The first stack should prove this end-to-end loop:

  1. Operator sends a request to Hermes from Telegram or iOS.
  2. Hermes creates or links an issue in the configured same-identity work tracker when the work should be human-trackable.
  3. Hermes calls the Coordinator to create an idempotent swarm task.
  4. If no worker is available, the gateway follows the Spawner contract: it applies spawn dedupe, then invokes herdr to create a worker pane with injected Coordinator identity.
  5. The WorkspaceControl backend applies any requested placement/layout intent, such as a grouped 2x3 grid, without changing the durable task contract.
  6. Worker registers/adopts, claims the task, and reports status.
  7. Worker edits through runtime hooks for ordinary writes and uses Coordinator locks for wider critical sections.
  8. Worker coordinates with peers through Coordinator messages, tasks, locks, KV, and coordinator-first wakeups when needed.
  9. Worker updates linked tracker issues with human-facing evidence, comments, links, or completion details when the assigned contract grants that authority and the configured same-identity MCP is available.
  10. Worker completes the task with structured result and test status.
  11. Reviewer worker or gateway validates the result when needed.
  12. Hermes summarizes back to the operator.
  13. The configured work tracker is updated with the durable human-facing outcome if no worker already published the right tracker update.
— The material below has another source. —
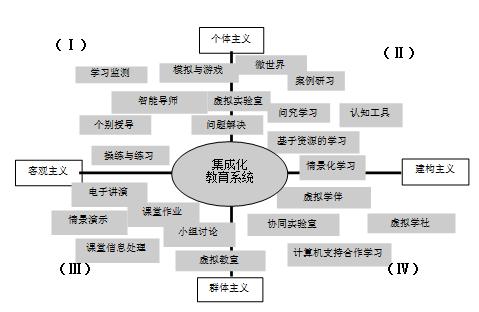 从哲学观角度考虑信息化教学模式取向。能从总体上了解信息化教育的概况和发展趋向。传统的CAI模式主要集中在I区,强调个别化教学,从传统的以教师为中心转换 为教为中心(国为教师的直接教学任务被机器所替代)。到了20世纪80年代模式的研究兴趣转移到II区,强调以学中心。90年代以后,由于网上教育的兴起,出现了以合作学习为中心的多种虚拟学习环境(IV区)。位于III区的教学模式是从传统的电化教室发展而来的,增加了多媒体教学,而虚拟教室的出现则大大扩展了其概念。位于中心的是集成化教育系统,指综合了许多不同信息化教学模式的系统。

This is the first integration target. New abstractions should be justified by making this loop more reliable, not by theoretical swapability.

Design Rules

  • Build one real stack first; keep seams generic enough to swap later.
  • Put product-specific behavior under integrations/ or adapter packages.
  • Keep high-churn runtime state out of work trackers.
  • Keep transport-local handles out of durable task/lock/message state.
  • Give workers the capabilities they need, but route them through the right source of truth: swarm for live coordination, the configured same-identity tracker for human-facing work records, herdr for transport.
  • Express visual workspace needs as generic placement/layout intent in the Spawner/WorkspaceControl contract; let the backend translate to herdr tab grid or an equivalent surface command.
  • Treat swarm-mcp as the reference Coordinator, not as an assumption every adapter must hard-code.
  • Prefer explicit adapter contracts over hidden cross-imports; terminal/process control belongs in workspace or spawner backends, not in the coordination primitives.
  • Do not invent a generic framework layer until the concrete implementation creates pressure for it.

Current Workstreams

WorkstreamPurpose
Hermes integrationAgentRuntime + NotificationGateway behavior for auto-register, locking, gateway mode, and summaries.
herdr integrationWorkspaceControl + Spawner behavior for panes, status, mobile bridge, and worker adoption.
WorkTracker integrationConfigured same-identity tracker bridge for issues, priorities, acceptance criteria, and result updates; Linear is the initial concrete target.
iOS/herdr bridgeRemote OperatorSurface using herdr as the universal workspace owner.
Coordinator hardeningTask idempotency, spawn mutexes, lock cleanup, events, and exact lock lookup APIs.

Non-Goals For Now

  • A fully generic plugin marketplace.
  • Replacing Linear, herdr, Hermes, and every agent runtime before the first stack works.
  • Routing all transient runtime events through human trackers.
  • Requiring every future coordinator to mimic swarm-mcp internals exactly.

Open Questions

  • Which control-plane contract deserves the first stable interface package?
  • Should spawn/adoption become a first-class Coordinator primitive instead of adapter convention?
  • Should spawn/adoption mutexes become dedicated Coordinator resources instead of synthetic file locks?
  • Which cross-adapter configuration belongs in repo config, user profile, launcher env, or Coordinator KV after the current backend-configuration.md split hardens?
  • What is the minimum remote herdr bridge needed before the iOS app feels useful?